Aisha noted that the entire region had been turned into a ‘large prison with unprecedented restrictions,’ which continued despite the ongoing coronavirus pandemic.
She further highlighted that India had persistently defied requests to allow international monitors in IOJ&K.
“Indian actions aimed at illegally altering the demographic structure of IOJ&K are in violation of multiple UN Security Council resolutions and international law, in particular the 4th Geneva Convention.”
The spokesperson further said as the world grappled with the unprecedented Covid-19 pandemic, India was busy, unabashedly, advancing the Rashtriya Swayamsevak Sangh-Bharatiya Janata Party (RSS-BJP) inspired extremist ‘Hindutva’ ideology’.

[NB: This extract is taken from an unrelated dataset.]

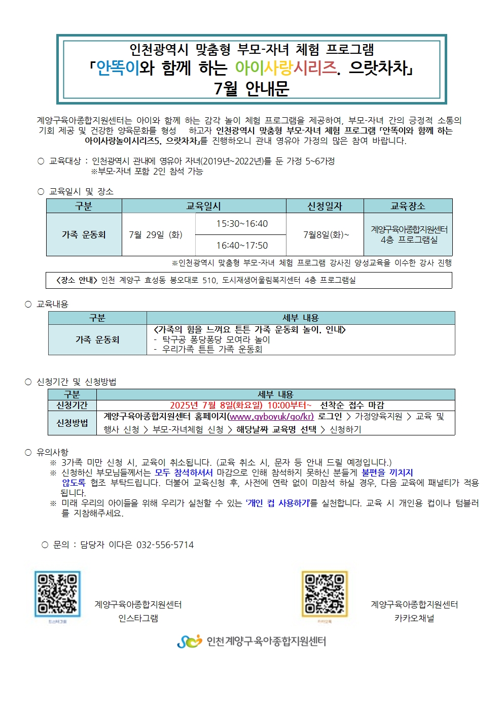 | 기타사항 | **참여 안내 및 유의사항** ※3가족 미만 신청 시 교육이 취소될 수 있습니다. (취소 시 전화 혹은 문자로 안내드리겠습니다.) ※신청하신 부모님들께서는 모두 참석해 주시기 바랍니다. 3회이상 미참여시 다음 체험 및 교육신청에 제한됩니다. ※부득이한 사정으로 취소 시, 반드시 전화로 연락해 주세요 (032-556-5714). ※해당 연령대에 맞지 않는 신청은 취소될 수 있습니다. 양해 부탁드립니다. ※체험 당일 참석 여부 확인 전화를 받지 않으실 경우, 대기자로 순번이 넘어갈 수 있습니다. ※동일 강의에 대해서는 1회만 신청 가능하며, 중복 신청 시 취소됩니다. |

India’s continued human rights violations against its minorities, Muslims in particular, such as the threat to render them stateless, the imposition of the discriminatory Citizenship Amendment Act (CAA), initiation of the National Register of Citizens (NRC) process, targeted killings during repeated riots against Muslims – Mumbai in 1993, Gujarat in 2002, New Delhi in 2020, among others, – were all cited as examples, while the destruction of Babri Masjid was also brought up as an indication of rising Islamophobia in India.
“The Indian state’s proclivity to violence is no secret, which is a direct consequence of its headlong militarisation and unbridled hegemonic ambitions,” Aisha pointed out.
She said India had routinely used aggression in seeking to coerce its neighbours. “It has employed terrorism, at one time or another, as state policy to destabilise every neighbouring state, she insisted, adding that the country has border disputes with all of its neighbours.”
The spokesperson said India’s so-called ‘5-S approach’ in the UNSC was only a “smoke-screen to mask the arrogant, belligerent and confrontationist side of India”.
“Perhaps India would do well to consider another “S” i.e. Satya or truth: The truth of Indian oppression, aggression and occupation, which cannot be covered up by false espousal,” she added.
The spokesperson maintained that Indian actions in IOJ&K, and beyond, were a fundamental negation of the purposes and principles of the UN Charter.
She reiterated that India was a consistent violator of the UN Security Council resolutions on Jammu and Kashmir dispute. “Rather than felicitated, a country with such credentials must be held accountable,” she insisted.
“India must be asked to abide by the resolutions of the Security Council. Pakistan will be working with rest of the members of the Security Council in advancing the objectives of international peace and security in South Asia and beyond.”